Figure 1: Evaluation Pipeline

LLM Judge

To quantify stylistic alignment, we employ a secondary LLM as an automated judge. For each prompt, the judge receives both the baseline and the steered outputs and evaluates how closely each resembles the target author’s style. Scores are assigned on a 1–5 scale, where higher values indicate stronger stylistic fidelity. This pairwise evaluation framework ensures that stylistic changes are assessed relative to an unmodified reference, allowing clear measurement of improvement attributable to steering.

Embedding Similarity Calibration

In addition to subjective LLM scoring, we use embedding-based similarity as an independent metric. Each output is encoded using the all-MiniLM-L6-v2 sentence transformer [9], and its embedding is compared against centroid embeddings constructed from the author’s exemplar dataset. The cosine similarity between model-generated text and the author’s exemplar cluster provides a quantitative measure of stylistic proximity. To harmonize this metric with the LLM judge scale, similarity values are mapped to a 1–5 style score, enabling direct comparison between the two evaluation methods and offering a calibration check on the judge’s consistency

Human Interpretability Notes

Beyond numerical metrics, we also consider the qualitative interpretability of the generated outputs. Steering is designed to adjust stylistic features such as tone, rhythm, vocabulary, and phrasing while keeping the underlying meaning intact. Human inspection confirms that the best-performing layer–scale combinations preserve semantic content and narrative structure, suggesting that the steering vectors successfully capture style without introducing unwanted distortions.

Experimental Results

Summary Statistics Table

We evaluate stylistic shift by comparing baseline and steered generations across 100 prompt–author pairs. Table 1 summarizes the key statistical measures, including mean scores, paired t-tests, effect sizes, and the correlation between embedding similarity and LLM-judge scores. All three authors show measurable improvement, with Shakespeare and Austen demonstrating the strongest gains.

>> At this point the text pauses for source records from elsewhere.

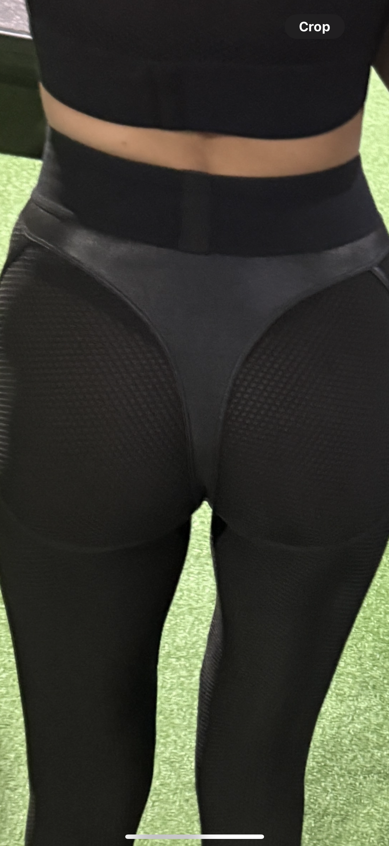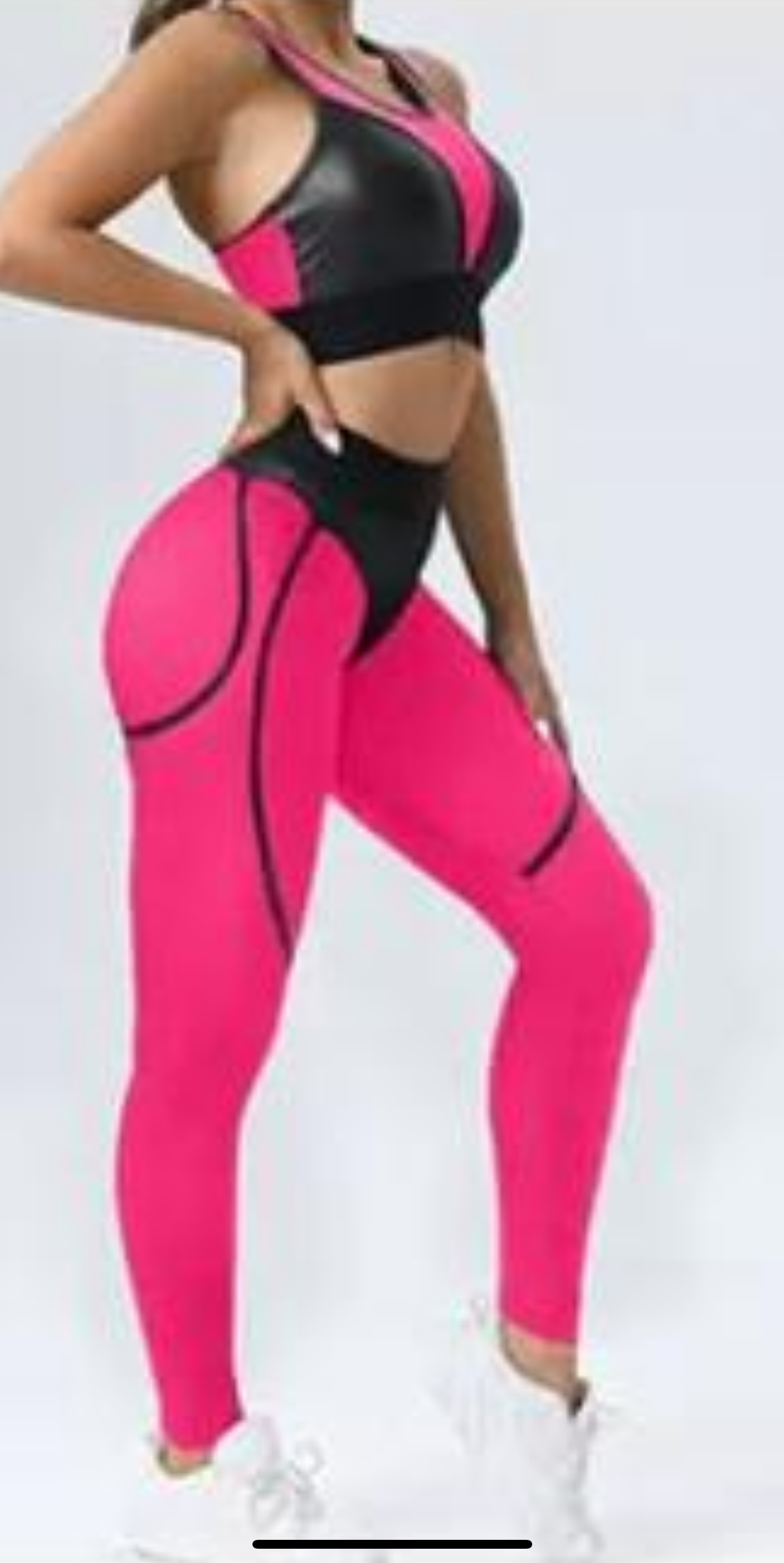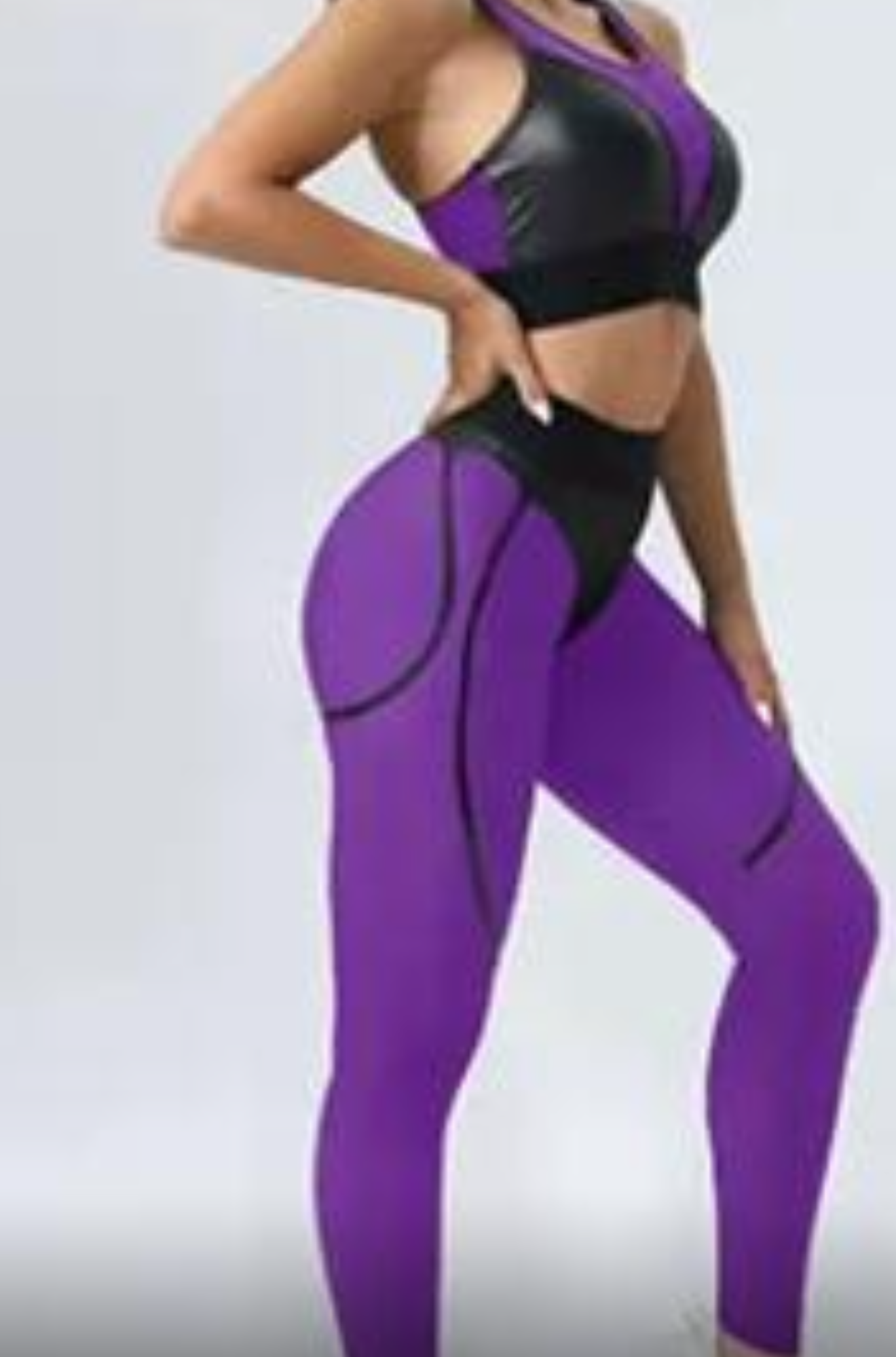 Two piece crop and V shaped leggings with leather cut outs.
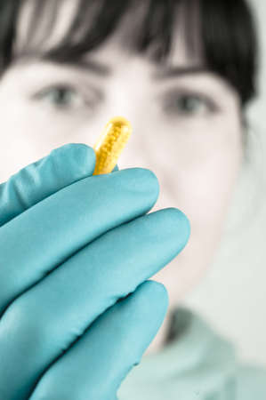 Female scientist in a laboratory holding a glass bottle containing orange capsules. She is wearing blue gloves and a white lab coat, focusing on the contents.
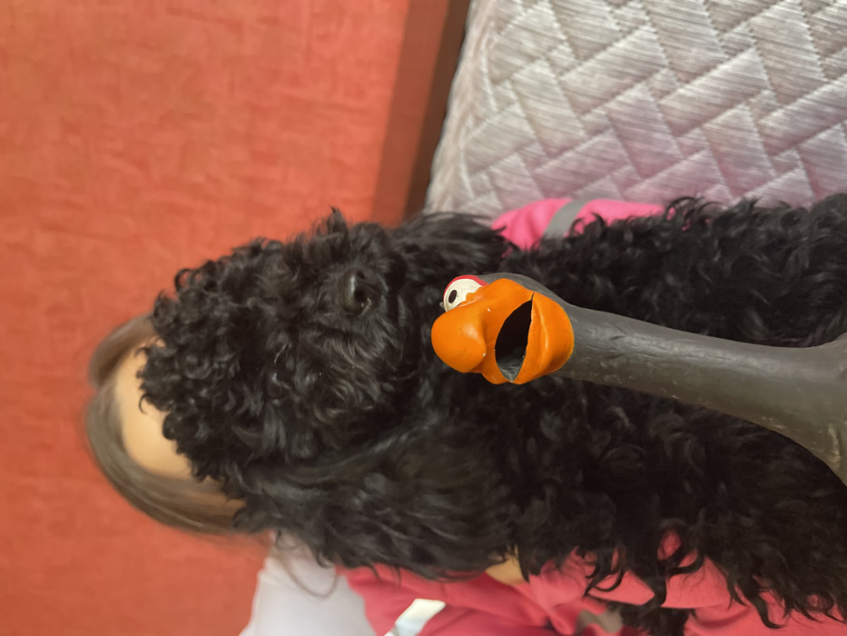The image depicts an indoor scene in Elhovo, Bulgaria. A black, curly-haired dog, likely a poodle or similar breed, occupies the center of the frame, its face mostly obscured by its fur, with only its nose clearly visible. The dog is positioned in front of a person whose forehead, brown hair, and left shoulder, clad in a pink long-sleeved top with a white stripe, are visible behind the animal. In the immediate foreground, a dark grey rubber squeaky toy, resembling a goose or duck with an orange, open beak and visible white and pink-outlined eyes, is held upright, directed towards the camera. To the right of the dog, a portion of a light grey, diamond-quilted surface, consistent with a sofa or cushion, is present. The background features a textured, reddish-orange wall.
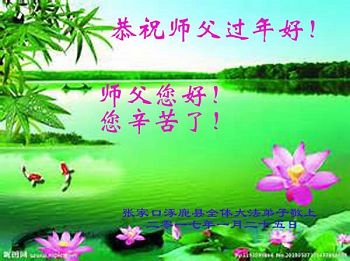 师尊您好!您辛苦了!在新的一年里,我们决不辜负您的慈悲苦度。向内找,修好自己,整体配合,多救人,完成史前大愿,圆满随师还! 河北省张家口市赤城县一讲真相组大法弟子恭祝师尊过年好!
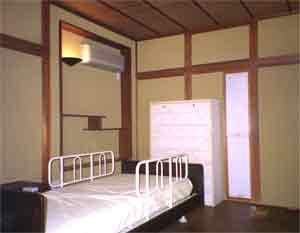 立ち上がり、座ることが難しくなり、家の中で過ごす時間も増えた。そこで、生活を畳み床に座るスタイルからベッド、椅子式に変えた。寝室、食事室の床、壁等を改修し、ジャッギベッドを導入した。
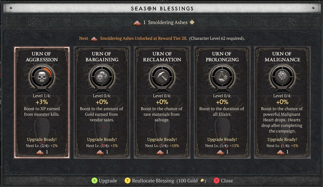 《暗黑破坏神4》第一赛季“恶疫赛季”中,玩家可以名为“闷热余烬”的通行证奖励资源来解锁和升级各种赛季祝福。
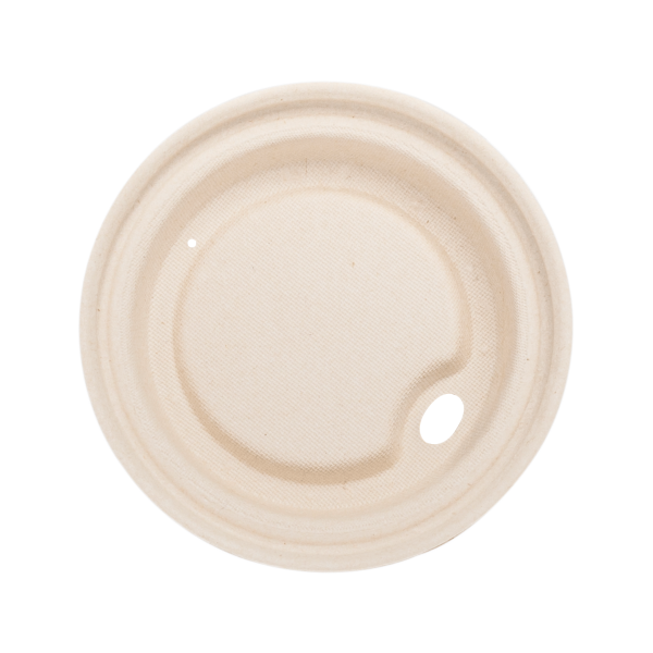 Karat Earth Eco-Friendly Bagasse Sipper Lids securely sit atop 10-24 oz paper hot cups to provide a plastic-free alternative and a steady flow when drinking.
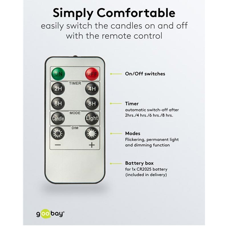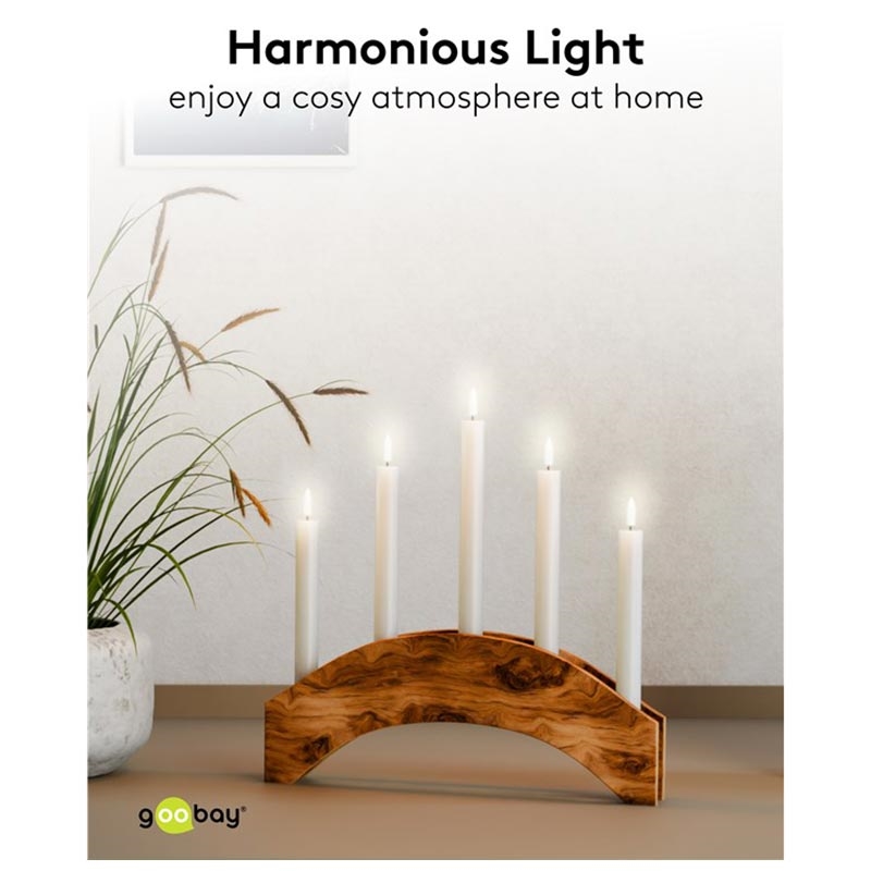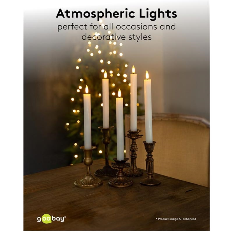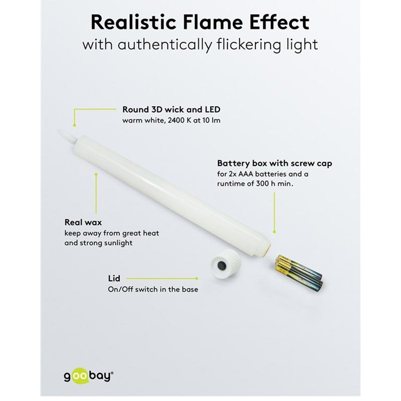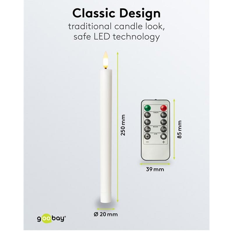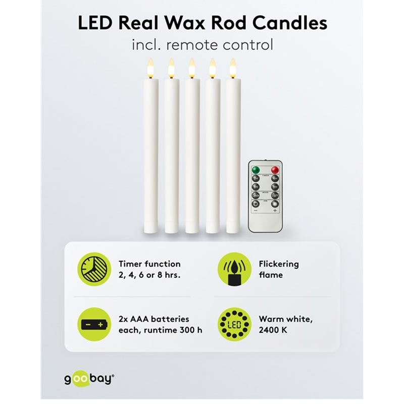 Goobay Set van 5 LED Echte Wax Taper Kaarsen - 3D Vlam, Afstandsbediening, Timer, Dimbaar, Warm Wit 2400 K
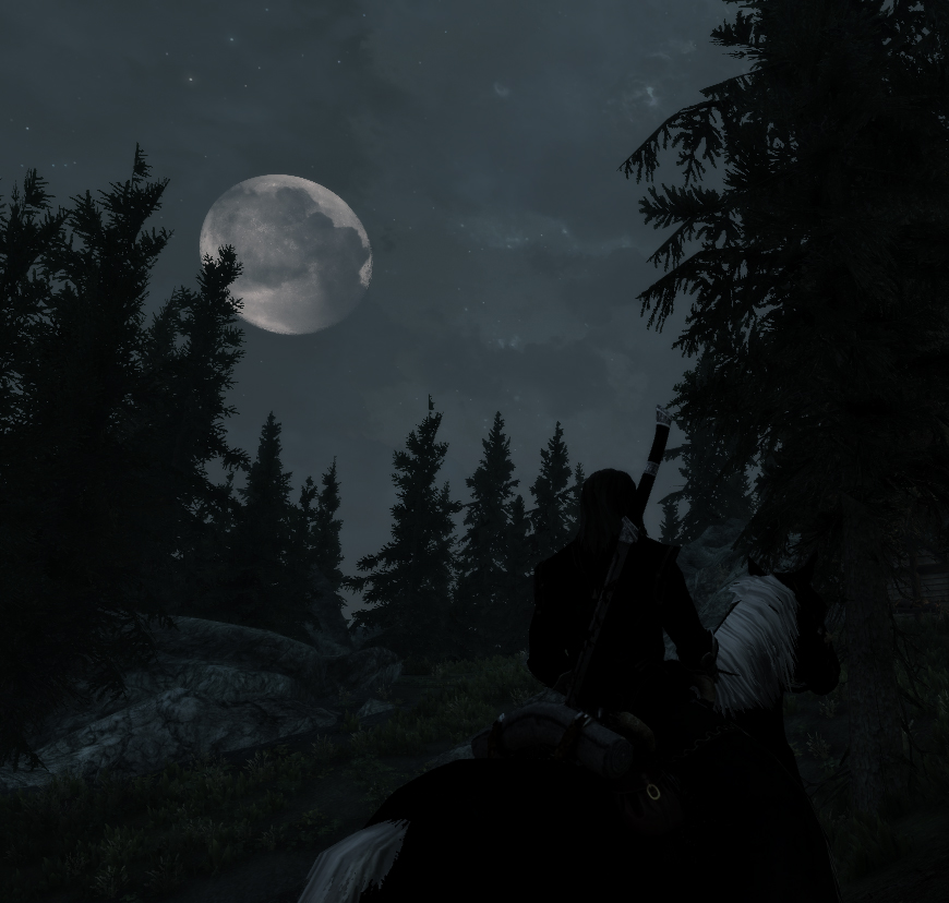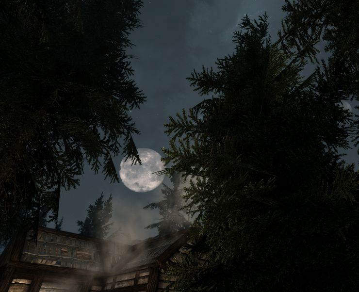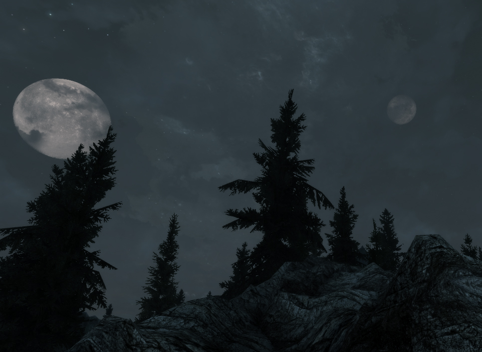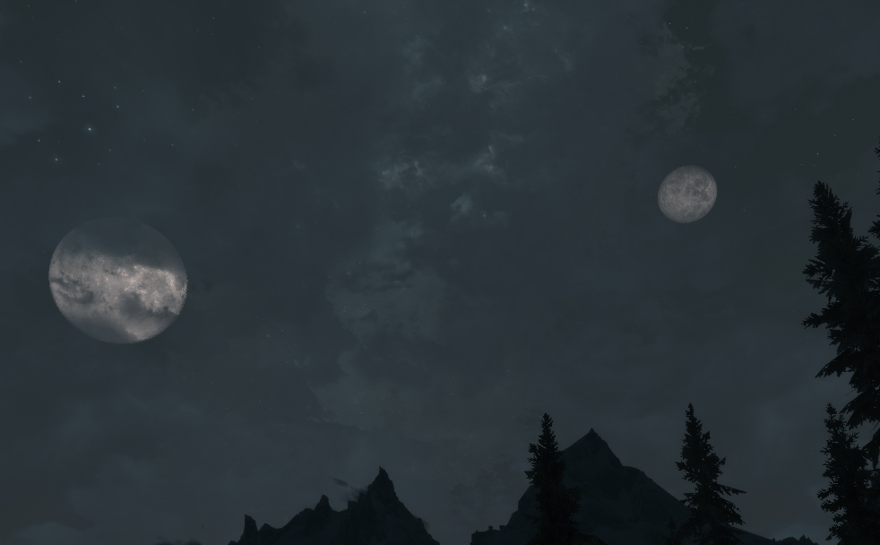 Тамриэль - это не земля!!!!!!!!!!!!!!!!!!!!!!! Там нет луны, и звёзд там тоже нет, огни на небе это чёрные дыры в другие миры!
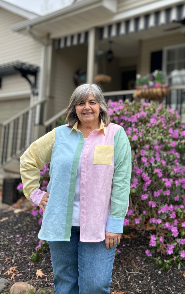 I had to empty my sewing room last month in order to have it painted and a new floor installed. So before that “mess” began, I cut out all 4 of these Arias. Not only did I cut the fabric, I cut all the interfacing pieces and attached them to all the fabric pieces. Then I did all the pinning and sewing on all 4! I did have to change threads a few times, especially for my color blocked version. So these 4 new Arias were sewn in my kitchen in March. They did however, just get their buttonholes and buttons just last night. Now they are all ready and waiting for Spring to decide to come back!
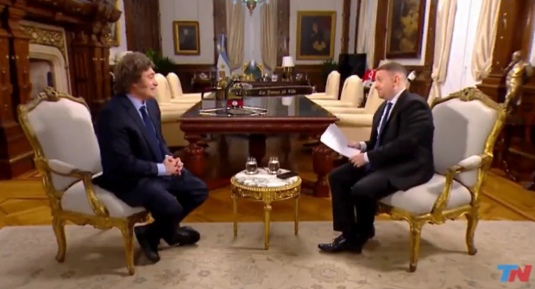 El periodista insistió a Milei en que era presidente, mientras el mandatario redundaba en que lo hizo desde su cuenta personal, como ciudadano, momento en el que el asesor Santiago Caputo interrumpió la entrevista.

Table 1. Summary of Style Evaluation Metrics Across Authors

AuthornMean BaselineMean SteeredMean Difft-statp-valueCohen’s dSimilarity–Score Corr
William Shakespeare1001.752.320.5711.456< 0.0011.1460.604
Jane Austen1001.812.290.489.560< 0.0010.9560.726
Ernest Hemingway1002.052.150.101.9900.049350.1990.697

These results indicate strong statistical significance for both Shakespeare and Austen, with large effect sizes, while Hemingway whose minimalist style is more subtle shows smaller but still statistically meaningful improvement.

Figure 2 — Baseline vs Steered

Figure 2 compares baseline and steered generations across all three authors using mean style adherence scores. Activation steering consistently improves stylistic alignment, with the magnitude of improvement varying by author. William Shakespeare and Jane Austen exhibit substantial gains, reflected in both absolute score increases and large effect sizes, while Ernest Hemingway shows a smaller yet statistically significant improvement. This difference reflects the inherently minimalist nature of Hemingway’s prose, which offers fewer overt stylistic markers to amplify. Together, these results demonstrate that activation steering produces meaningful stylistic shifts while respecting the expressive characteristics of each author.

Figure 1: Baseline vs Steered

Layer × Scale Heatmap

To identify where stylistic information is most strongly represented within the model, we conduct a systematic sweep across multiple transformer layers and steering strengths. Figure 2 visualizes the interaction between injection layer and scaling factor, measured by average improvement in style adherence scores. A clear and consistent maximum emerges at Layer 5 (when counted backward from the final layer) across all tested scales, indicating that mid-level transformer representations encode the richest stylistic abstractions. [6,7] In contrast, lower layers produce comparatively weak stylistic shifts, while higher layers show diminishing or unstable gains. This pattern aligns with prior findings on representational hierarchies in transformers, where mid-layers capture higher-level linguistic and stylistic structure.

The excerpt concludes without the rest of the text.